African Burying Grounds Preservation Committee

When the African Burying Ground site used in the 1700s and then forgotten was accidentally uncovered in 2003, the Portsmouth City Council appointed the African Burying Ground Committee and asked the group to determine how best to honor those buried on Chestnut Street. 

The original Committee was comprised of representatives from the Seacoast African American Cultural Center, Portsmouth Black Heritage Trail, Inc. and the Portsmouth community. With the help and support of the community, the City Council, archaeological professionals and a nationally-known design team, they completed the design for the African Burying Ground Memorial ParkWe Stand in Honor of Those Forgotten. The new African Burying Ground Memorial Park was completed in 2015.

African Burying Ground Memorial Park -- The African Burying Ground Memorial Committee has stewarded the memorial park and advocated for the preservation of other historic African and African-American burial sites.

In 2025, the Committee, chaired by Assistant Mayor Joanna Kelly oversaw $31,000 in maintenance work on the Memorial including:

  • The figurative sculptures at the top of State Street were cleaned and recoated with a protectant.
  • The 36 granite inscription panels (the ribbon) were cleaned of soils and accretions and the letters repainted.
  • The silhouette sculptures were cleaned and lightly polished and coated.
  • The stone surfaces on the front face of the terrace were cleaned and repainted
  • Working with a tile installer and Jerome Meadows, the original artist, to repair the Sankofa cover on top of the burial vault

North Cemetery Reburial -- In 2023, the Committee assisted the City with a ceremony of reburial for skeletal remains uncovered during the 2016 restoration of a North Cemetery wall. Apparently, the original wall had been built over a row of graves. The graves were unmarked and the identity of those buried in them is unknown. Archaeologists mapped the locations of at least 18 burials from the 1800s and collected skeletal remains from the three graves that had been disturbed during the reconstruction. Buried on the margins of the cemetery, they probably lived on the margins in Portsmouth -- as poor, indentured or enslaved individuals.

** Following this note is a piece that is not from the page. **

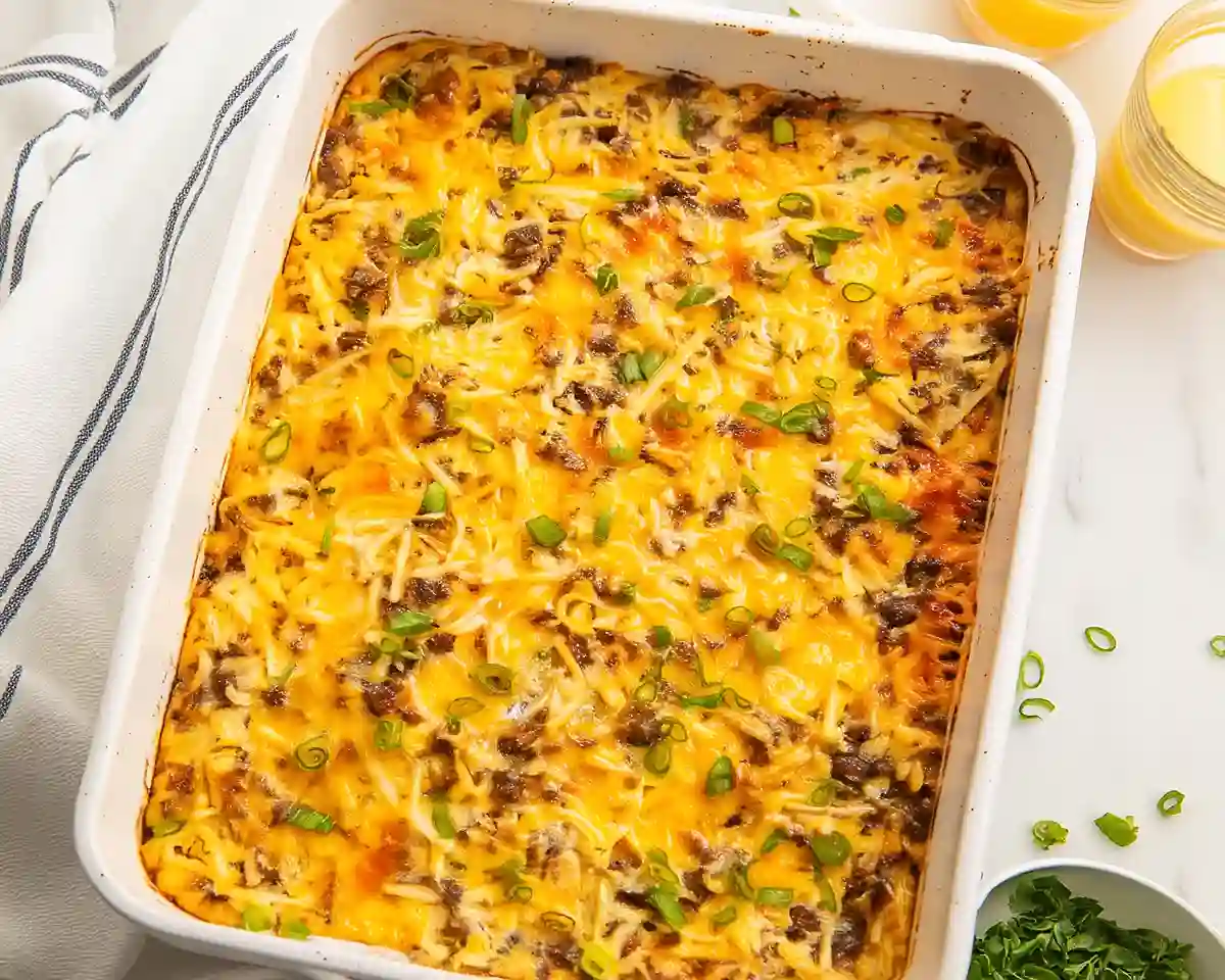 You can absolutely make this easy breakfast casserole gluten-free and dairy-free by using dairy-free cheddar and any plant-based milk—oat, almond, or unsweetened cashew all work beautifully. The casserole will bake the same way, though dairy-free cheese may brown slightly differently on top.

Dinah Whipple Headstone -- On June 13, 2025, a headstone marking the presumed burial location of Dinah Whipple was ceremoniously dedicated in North Cemetery, adjacent to the headstone of her husband Prince Whipple. In 1781 Dinah was freed on her 21st birthday to marry Prince Whipple, enslaved by William Whipple in the nearby house on Market Street. When Prince died in 1796, he was buried in North Cemetery where his master’s family lies. But when Prince was honored by the GAR in 1908 for his service in the Revolutionary War with a headstone where a simple wooden cross once stood, there was no permanent marker made for Dinah Whipple. In June 2022, two Whipple family descendants: Laurel Yancey (the six-times great granddaughter of Prince and Dinah Whipple) and Tonya Ward Singer (the six-times great grandniece of William and Catherine Whipple), met in person for the first time in Portsmouth to research their interconnected histories together. In June 2023 they walked North Cemetery with Valerie Cunningham whose extensive research on Black History in Portsmouth suggested to her that it was logical that Dinah would have been buried next to her husband near the Whipple plot there. The nearby marked graves of their daughter and granddaughter suggest further proof. In June 2025 the descendants dedicated a headstone for Dinah next to Prince that with help from the City and the Colonial Dames of America in New Hampshire (owners of the Whipple/“Moffatt-Ladd House”) that they arranged to create and install a headstone for Dinah next to Prince. 

The Committee has also discussed other African burial sites including the Langdon Farm.